Zresztą "Dorotka" brzmi bardzo przyjemnie...i po co to zmieniać? :drapie:
_________________
"Kiedy się przewracasz, nigdy nie wstawaj z pustymi rękami." /przysłowie japońskie/
Ostatnio zmieniony przez Klara Nie 27 Mar, 2016 19:53, w całości zmieniany 1 raz  
 
     
Mamusia 
Małomówny


Wiek: 41
Dołączyła: 12 Lut 2015
Posty: 56
Wysłany: Pon 28 Mar, 2016 19:18   

Ale mnie nie przeszkadza jak mnie nazywają zdrobniale. To miłe. :skromny:

To tylko moje myślenie mi się włączyło. Jaka ja jestem. Ale nie wydaje mi się żebym była dziecinna. Bardziej chyba kwestia drobnego wyglądu.

Święta minęły całkiem fajnie. Jedna tylko była nie przyjemna sytuacja na początku. Ale szybko wyjaśniliśmy. Potem już było całkiem fajnie. Pierwsze bez alkoholu odkąd jestem mężatką.

Przeżyłam dwie wizyty u teściów. Było całkiem w porządku. Choć w dalszym ciągu działają mi na nerwy. Ale to kwestia tego że ja wyznaje zupełnie inne metody wychowawcze. Ich dom, ich zasady. Więc czasem przymykam oko na pewnie mniej ważne sprawy.

Były dwie wycieczki. Spacery. Goście też przyszli. Nawet sobie dziś pospałam. Miałam czas dla siebie.

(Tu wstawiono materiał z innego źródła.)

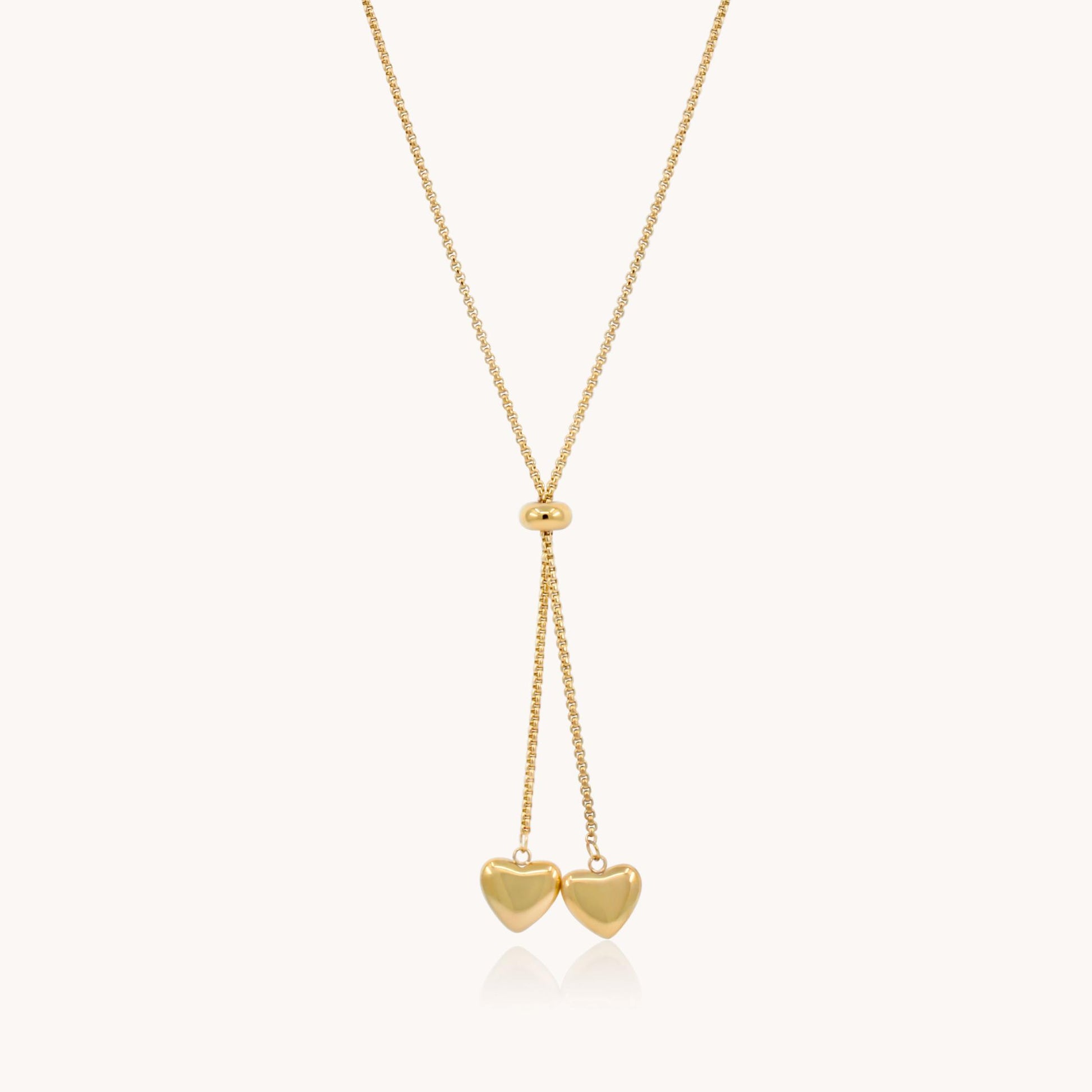 30N1813G - Twin Hearts Adjustable Necklace, Gold

Tylko zaczyna nie boleć gardło, a jutro mam gastroskopię. Jestem zła bo chyba będę musiała trzeci raz przełożyć termin. Albo jutro pojadę i najwyżej na miejscu mi przełożą. :krzyk:
Ostatnio zmieniony przez Mamusia Pon 28 Mar, 2016 19:20, w całości zmieniany 1 raz  
 
     
Mamusia 
Małomówny


Wiek: 41
Dołączyła: 12 Lut 2015
Posty: 56
Wysłany: Czw 31 Mar, 2016 12:19   

Pozew mam. Napisany i skompletowany. Tylko wysłać. Tyle że na razie rzuciły mi się poważne wydatki, więc samo wysłanie niestety odkładam, ale to max. 3 tygodnie.

W przyszłym tygodniu wyniki z wycinków z gastroskopii. Zobaczymy co będzie. Po wstępnym wyniku i tak już wiem że potrzebuje zmienić sposób odżywiania. Będzie mała rewolucja. Więc mam dużo pracy wokół siebie.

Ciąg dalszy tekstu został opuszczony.